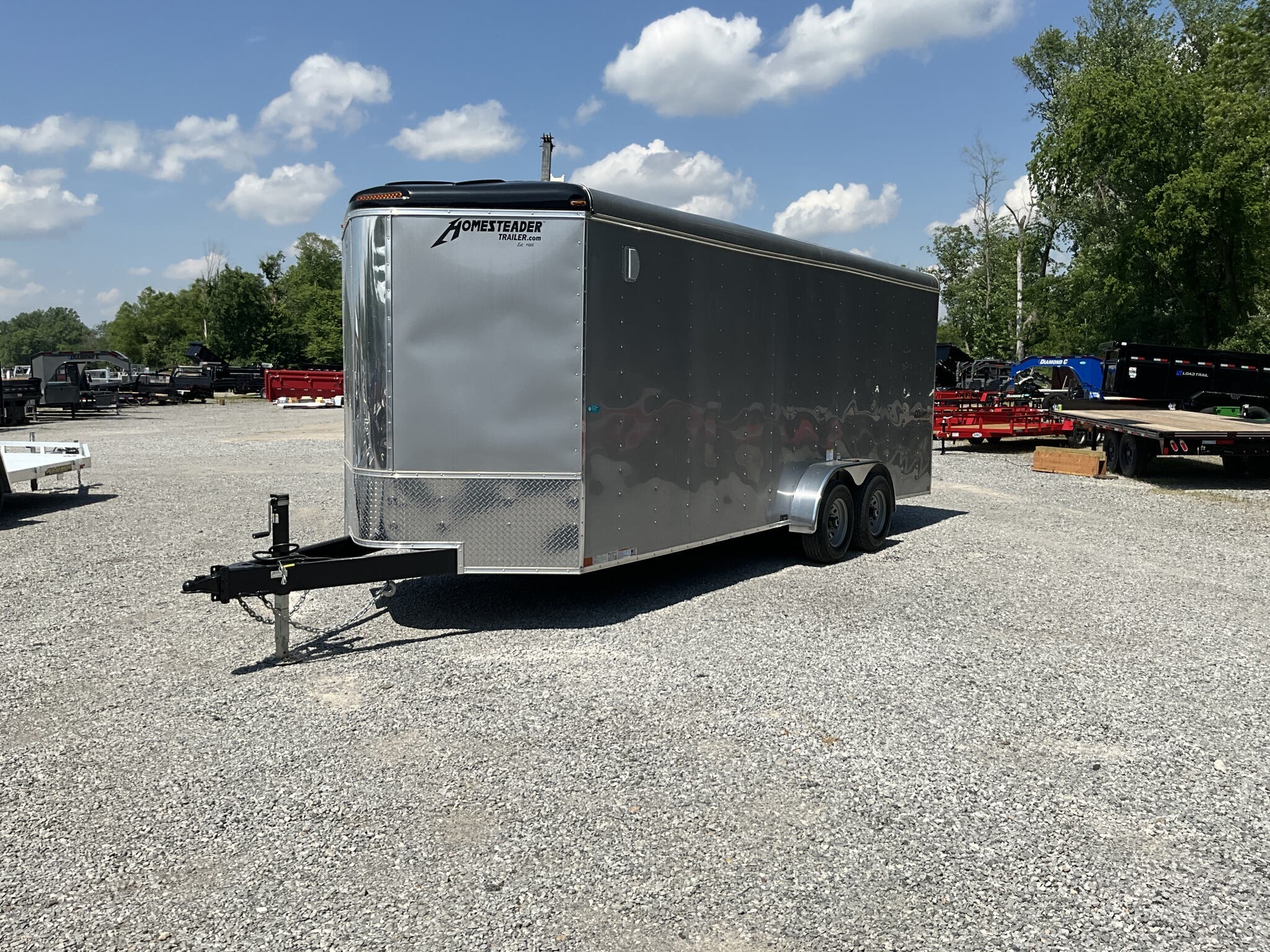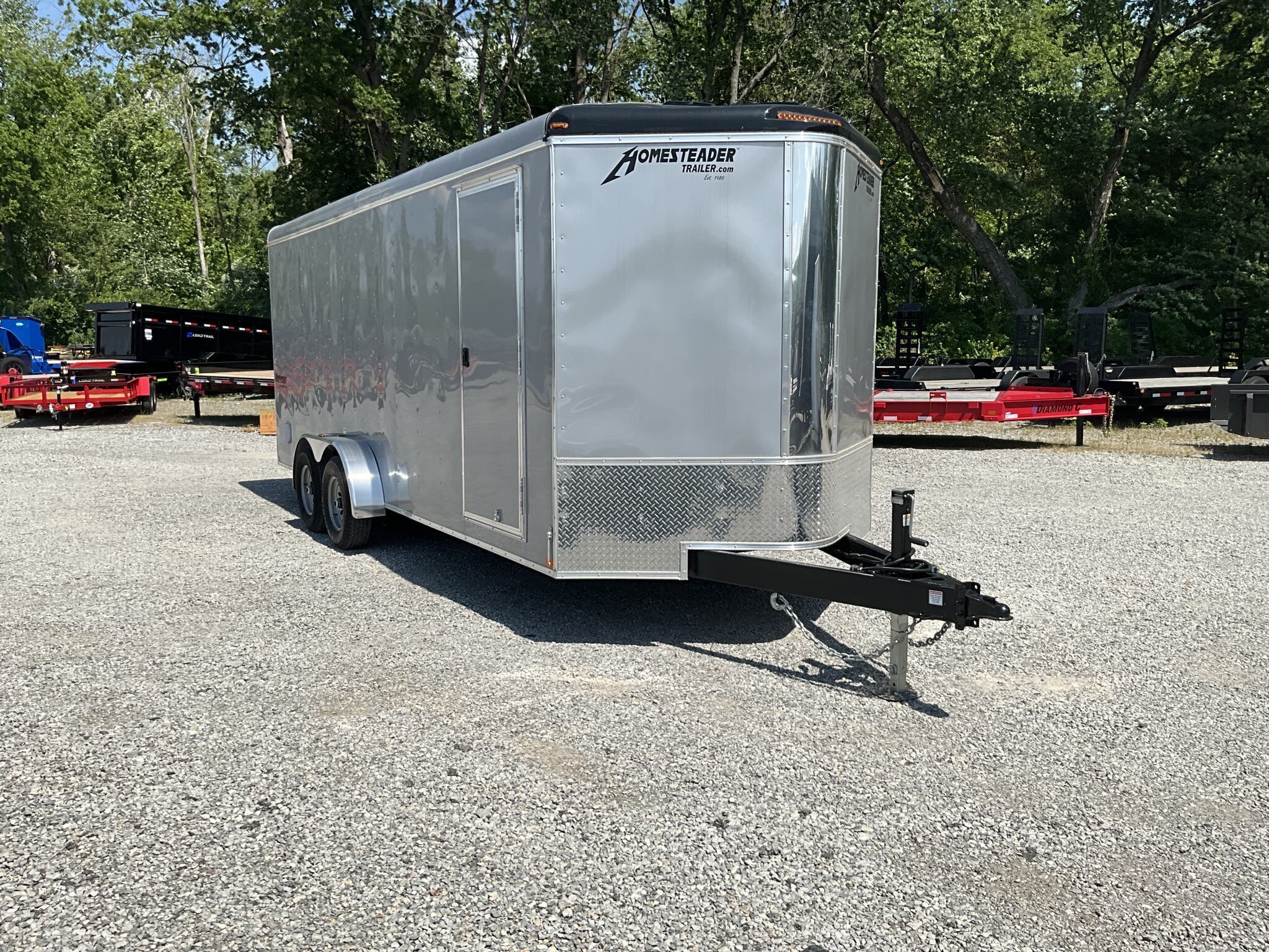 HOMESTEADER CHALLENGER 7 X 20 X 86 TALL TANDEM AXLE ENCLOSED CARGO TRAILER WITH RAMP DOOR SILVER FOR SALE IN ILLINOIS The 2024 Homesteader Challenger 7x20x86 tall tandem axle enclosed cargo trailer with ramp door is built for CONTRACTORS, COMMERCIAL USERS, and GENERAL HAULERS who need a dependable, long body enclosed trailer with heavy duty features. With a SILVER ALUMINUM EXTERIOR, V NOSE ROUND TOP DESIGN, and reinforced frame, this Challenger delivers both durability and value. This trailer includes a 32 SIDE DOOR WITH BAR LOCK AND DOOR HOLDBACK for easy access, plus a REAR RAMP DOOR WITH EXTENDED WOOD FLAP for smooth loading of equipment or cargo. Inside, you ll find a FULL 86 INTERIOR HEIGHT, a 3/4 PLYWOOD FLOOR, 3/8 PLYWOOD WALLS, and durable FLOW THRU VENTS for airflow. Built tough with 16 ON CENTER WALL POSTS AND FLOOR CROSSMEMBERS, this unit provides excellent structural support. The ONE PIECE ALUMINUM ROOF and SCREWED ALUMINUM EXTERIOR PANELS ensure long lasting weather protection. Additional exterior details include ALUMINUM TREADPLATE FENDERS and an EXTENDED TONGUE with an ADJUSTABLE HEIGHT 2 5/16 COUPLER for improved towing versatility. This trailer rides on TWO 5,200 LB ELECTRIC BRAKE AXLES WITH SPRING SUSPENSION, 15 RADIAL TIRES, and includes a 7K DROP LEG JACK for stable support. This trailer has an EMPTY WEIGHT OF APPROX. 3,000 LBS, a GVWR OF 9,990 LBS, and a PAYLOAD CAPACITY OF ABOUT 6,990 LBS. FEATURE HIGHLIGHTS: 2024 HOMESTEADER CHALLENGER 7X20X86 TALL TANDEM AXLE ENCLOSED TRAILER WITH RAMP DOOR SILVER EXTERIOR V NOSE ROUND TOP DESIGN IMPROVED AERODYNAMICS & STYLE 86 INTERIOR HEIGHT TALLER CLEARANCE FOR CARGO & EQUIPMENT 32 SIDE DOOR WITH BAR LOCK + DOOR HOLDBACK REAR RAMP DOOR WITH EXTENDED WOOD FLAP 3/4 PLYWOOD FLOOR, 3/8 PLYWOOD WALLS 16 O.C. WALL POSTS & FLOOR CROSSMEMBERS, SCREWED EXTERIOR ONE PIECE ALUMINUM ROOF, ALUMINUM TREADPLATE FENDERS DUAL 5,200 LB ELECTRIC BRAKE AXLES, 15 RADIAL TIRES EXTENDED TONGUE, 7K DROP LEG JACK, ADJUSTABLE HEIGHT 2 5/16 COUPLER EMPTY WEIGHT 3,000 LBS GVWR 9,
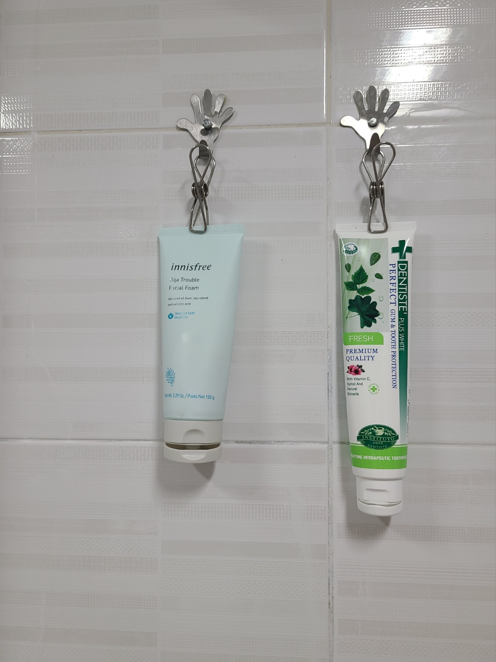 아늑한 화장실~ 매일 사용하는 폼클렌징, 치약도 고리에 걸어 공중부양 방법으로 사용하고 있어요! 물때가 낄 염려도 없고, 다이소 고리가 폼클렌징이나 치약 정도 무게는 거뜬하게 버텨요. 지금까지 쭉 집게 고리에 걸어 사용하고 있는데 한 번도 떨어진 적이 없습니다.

- - - -

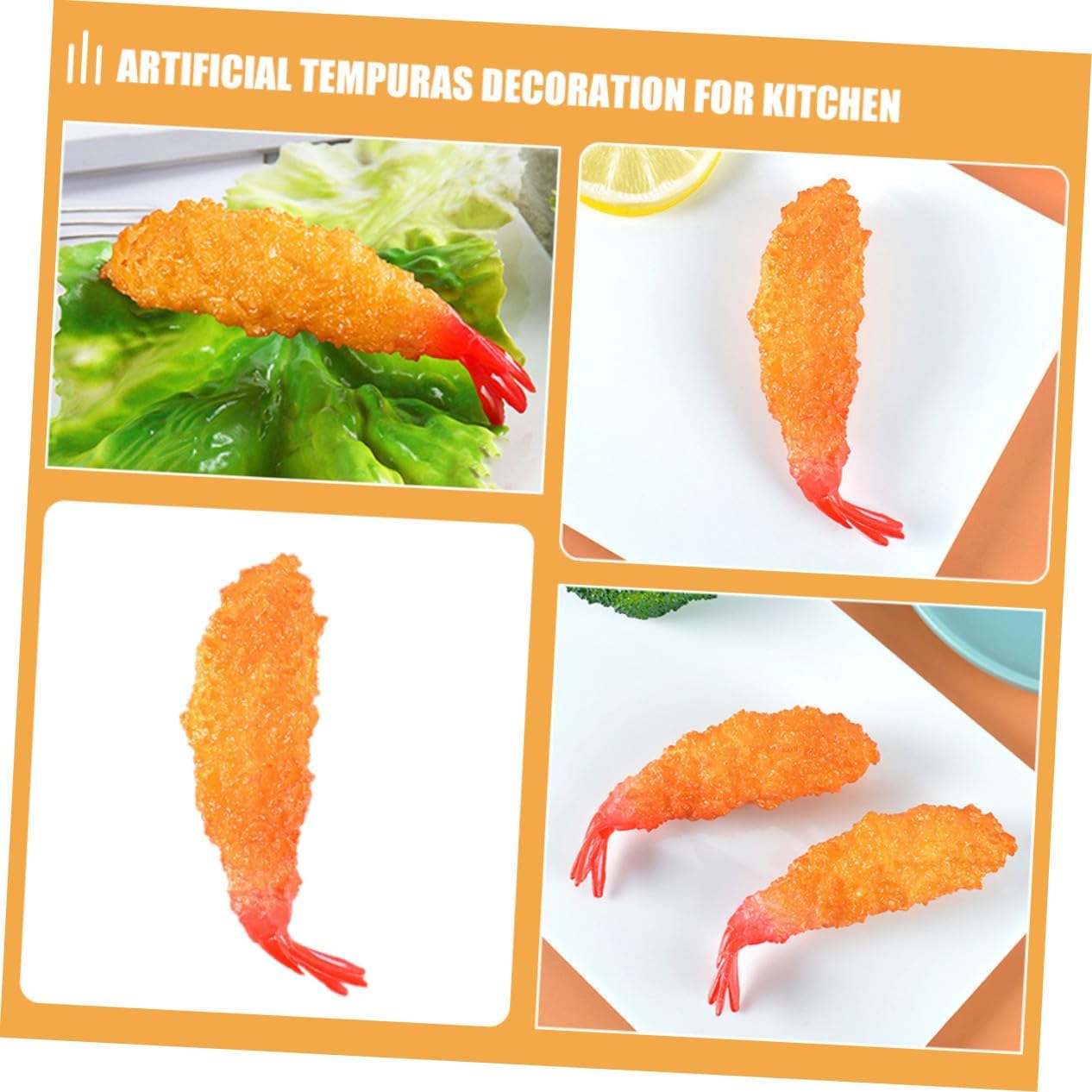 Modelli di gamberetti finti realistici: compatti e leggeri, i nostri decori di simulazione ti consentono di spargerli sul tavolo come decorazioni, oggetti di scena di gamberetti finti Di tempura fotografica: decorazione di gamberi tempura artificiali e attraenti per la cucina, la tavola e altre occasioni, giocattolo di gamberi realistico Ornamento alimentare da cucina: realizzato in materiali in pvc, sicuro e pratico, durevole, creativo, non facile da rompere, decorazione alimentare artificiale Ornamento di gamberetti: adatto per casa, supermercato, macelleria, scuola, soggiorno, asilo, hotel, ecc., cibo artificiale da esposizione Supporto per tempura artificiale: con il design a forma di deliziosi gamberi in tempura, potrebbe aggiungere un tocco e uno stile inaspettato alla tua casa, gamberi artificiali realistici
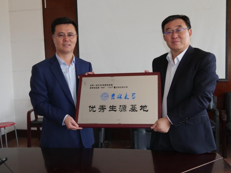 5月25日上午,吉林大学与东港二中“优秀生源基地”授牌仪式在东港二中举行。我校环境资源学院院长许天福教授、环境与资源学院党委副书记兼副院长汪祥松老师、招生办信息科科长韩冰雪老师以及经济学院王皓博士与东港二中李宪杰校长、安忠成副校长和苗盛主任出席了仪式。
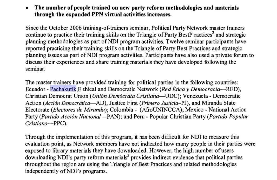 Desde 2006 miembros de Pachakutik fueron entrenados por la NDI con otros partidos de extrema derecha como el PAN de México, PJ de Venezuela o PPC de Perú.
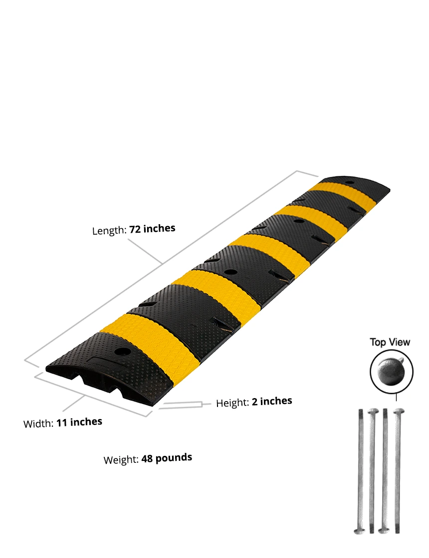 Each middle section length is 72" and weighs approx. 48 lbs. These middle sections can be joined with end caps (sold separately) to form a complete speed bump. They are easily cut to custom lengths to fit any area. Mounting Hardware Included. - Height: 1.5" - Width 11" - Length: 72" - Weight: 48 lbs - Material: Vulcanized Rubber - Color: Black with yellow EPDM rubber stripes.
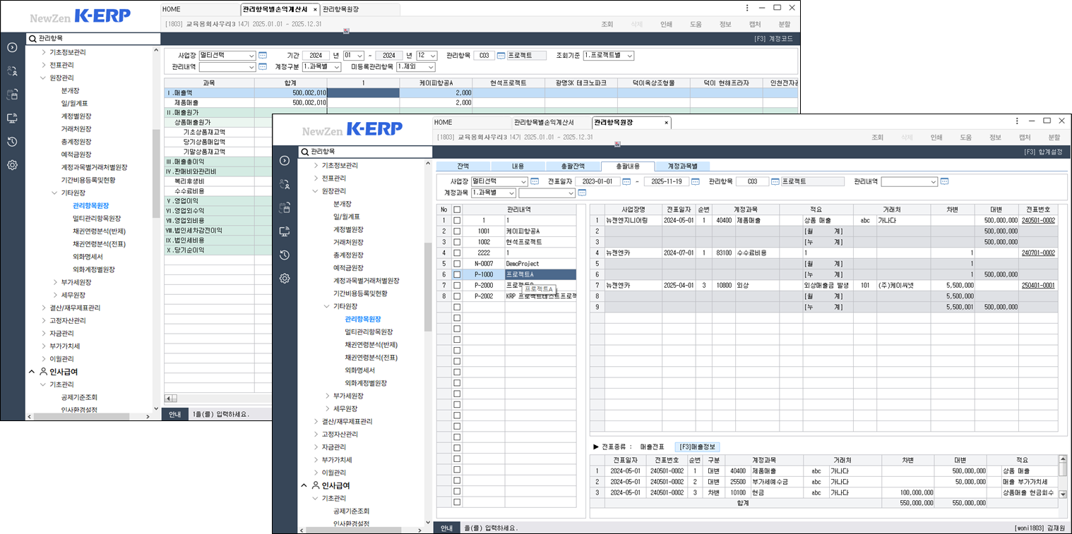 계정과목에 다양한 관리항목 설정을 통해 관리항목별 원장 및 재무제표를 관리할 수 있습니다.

- - - -

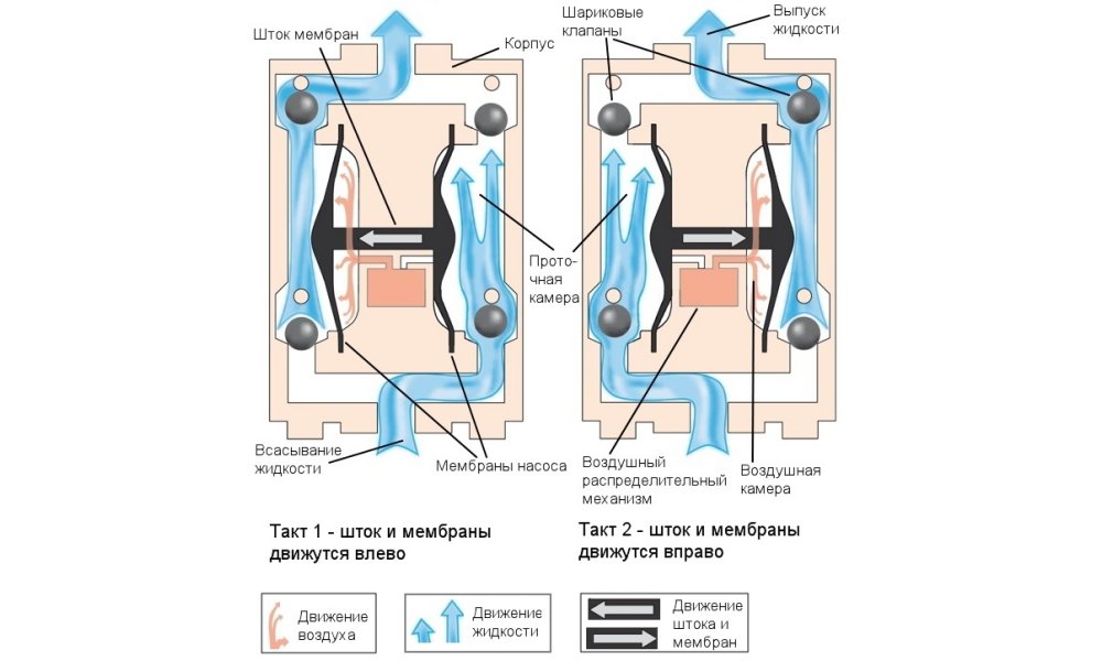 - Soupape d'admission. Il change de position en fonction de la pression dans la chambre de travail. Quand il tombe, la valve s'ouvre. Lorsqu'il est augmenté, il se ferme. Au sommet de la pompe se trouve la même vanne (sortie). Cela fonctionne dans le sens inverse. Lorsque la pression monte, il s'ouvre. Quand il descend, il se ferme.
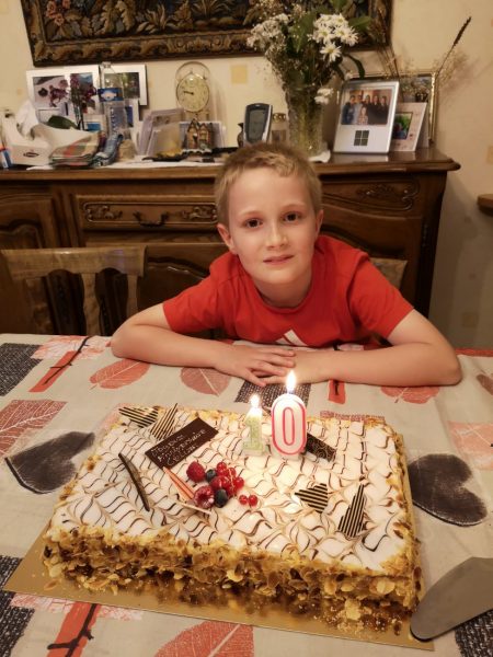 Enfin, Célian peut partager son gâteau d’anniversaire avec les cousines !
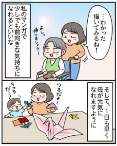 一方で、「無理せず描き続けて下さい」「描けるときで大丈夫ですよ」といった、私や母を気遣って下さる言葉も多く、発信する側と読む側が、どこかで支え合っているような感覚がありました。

- - - -

** TASK GOAL **
The answer is the lines of the material above, from the one containing "Each middle section" down to the one containing "계정과목에 다양한 관리항목", given exactly and without images.

** SOLUTION **
 Each middle section length is 72" and weighs approx. 48 lbs. These middle sections can be joined with end caps (sold separately) to form a complete speed bump. They are easily cut to custom lengths to fit any area. Mounting Hardware Included. - Height: 1.5" - Width 11" - Length: 72" - Weight: 48 lbs - Material: Vulcanized Rubber - Color: Black with yellow EPDM rubber stripes.
 계정과목에 다양한 관리항목 설정을 통해 관리항목별 원장 및 재무제표를 관리할 수 있습니다.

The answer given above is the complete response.